And so, the way I joke internally with our team is that it’s a little bit of the, maybe the nerd light bulb went on in my head as an opportunity to do something deeply interesting and even further upstream than I had in my career before for the goal of getting closer to the patient. And I think as the listeners appreciate any great business that does right by the patient and the very complex details in front of you. 

Clinical research is a bit of an operator’s paradise from that perspective, that’s maybe the why number two. Any business that puts all of its focus on the patient and the hard details in front of you will be successful financially in the end. And I think that’s what we deeply believe is in front of us here at PhaseWell Research. 

People-First Leadership

Anderson Williams: And it’s clear, it’s actually really exciting to hear you walk through that because you’ve been a part of building companies repeatedly. I’m just curious, any key lessons learned about building and growing in the way that you described from those previous experiences that you know, you’re taking into building PhaseWell? Because you’ve built some pretty significant businesses and been part of teams building some really significant businesses.  

Carsten Bick: I’d say the first lesson is people are everything. Process and technology are very important, but they’re without a doubt secondary in what are service businesses in healthcare. 

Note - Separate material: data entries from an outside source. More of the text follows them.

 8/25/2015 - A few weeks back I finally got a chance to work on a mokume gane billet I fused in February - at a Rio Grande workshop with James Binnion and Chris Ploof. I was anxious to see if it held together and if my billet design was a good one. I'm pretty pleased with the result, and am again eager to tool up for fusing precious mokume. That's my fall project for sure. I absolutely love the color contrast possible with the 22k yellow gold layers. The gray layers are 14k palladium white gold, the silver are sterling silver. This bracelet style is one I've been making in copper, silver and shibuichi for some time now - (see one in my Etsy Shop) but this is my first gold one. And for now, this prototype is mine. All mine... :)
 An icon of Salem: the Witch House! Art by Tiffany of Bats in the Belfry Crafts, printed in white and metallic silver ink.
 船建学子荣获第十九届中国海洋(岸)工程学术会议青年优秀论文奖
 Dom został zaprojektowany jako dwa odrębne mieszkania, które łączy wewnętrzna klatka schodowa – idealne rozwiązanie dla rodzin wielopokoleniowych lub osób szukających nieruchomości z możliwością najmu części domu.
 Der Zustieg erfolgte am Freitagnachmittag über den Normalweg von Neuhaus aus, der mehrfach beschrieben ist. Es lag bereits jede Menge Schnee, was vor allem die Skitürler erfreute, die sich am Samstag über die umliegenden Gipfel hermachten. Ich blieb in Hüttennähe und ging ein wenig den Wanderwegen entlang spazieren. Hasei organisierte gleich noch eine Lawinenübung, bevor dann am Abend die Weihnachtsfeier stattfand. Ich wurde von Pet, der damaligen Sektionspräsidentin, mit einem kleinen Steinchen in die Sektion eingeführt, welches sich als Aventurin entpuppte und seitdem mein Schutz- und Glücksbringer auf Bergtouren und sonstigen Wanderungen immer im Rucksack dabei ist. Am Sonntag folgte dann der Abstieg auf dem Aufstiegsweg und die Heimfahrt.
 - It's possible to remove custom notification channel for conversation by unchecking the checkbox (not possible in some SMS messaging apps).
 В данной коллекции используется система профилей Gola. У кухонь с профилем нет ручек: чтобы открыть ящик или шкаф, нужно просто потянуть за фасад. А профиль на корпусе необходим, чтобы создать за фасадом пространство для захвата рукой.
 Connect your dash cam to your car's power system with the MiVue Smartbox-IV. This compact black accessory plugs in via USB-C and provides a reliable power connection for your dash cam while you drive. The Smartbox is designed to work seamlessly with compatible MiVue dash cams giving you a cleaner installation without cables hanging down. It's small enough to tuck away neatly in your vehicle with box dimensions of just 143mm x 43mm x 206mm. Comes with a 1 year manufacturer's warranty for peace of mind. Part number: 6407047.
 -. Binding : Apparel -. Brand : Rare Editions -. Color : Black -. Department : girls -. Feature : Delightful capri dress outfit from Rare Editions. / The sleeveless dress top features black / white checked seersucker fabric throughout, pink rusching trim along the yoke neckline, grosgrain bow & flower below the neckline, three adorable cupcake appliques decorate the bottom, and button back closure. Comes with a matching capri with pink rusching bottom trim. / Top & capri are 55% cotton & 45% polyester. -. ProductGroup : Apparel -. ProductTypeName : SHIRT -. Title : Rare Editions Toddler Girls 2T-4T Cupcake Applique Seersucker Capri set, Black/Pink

Healthcare is human, at least it should be, and the product is the people that are working with your patients. I think my calling card, so to speak, over the last five to 10 years has been leading and driving what we do through that lens, first and foremost. Not to discount, as I had said, process and technology, but they can only enable if you have the people organization, the operating culture, and the things that matter for how you run a service business day to day. 

From there, it does get a little bit simpler and operating playbook, driving standardization. Now I know how to hire for that. I know how to bring in the right types of solutions, and so, again, I go back to focusing on building really, really strong people organizations.  

Anderson Williams: How have you thought about building your PhaseWell team, and then how have you thought about who are the right partners to align with what you’re trying to build at phase? 

Carsten Bick: Well, yeah, it’s a great question, Anderson. You know, when I came in as CEO to lead this business, Shore Capital had just acquired our founding partners, and as an employee base of one, at least at the face wall corporate level, I felt a little bit like a mule looking at a new gate. Um, And so, back to what I had described on over-indexing to people, I’d say that’s where I started first. 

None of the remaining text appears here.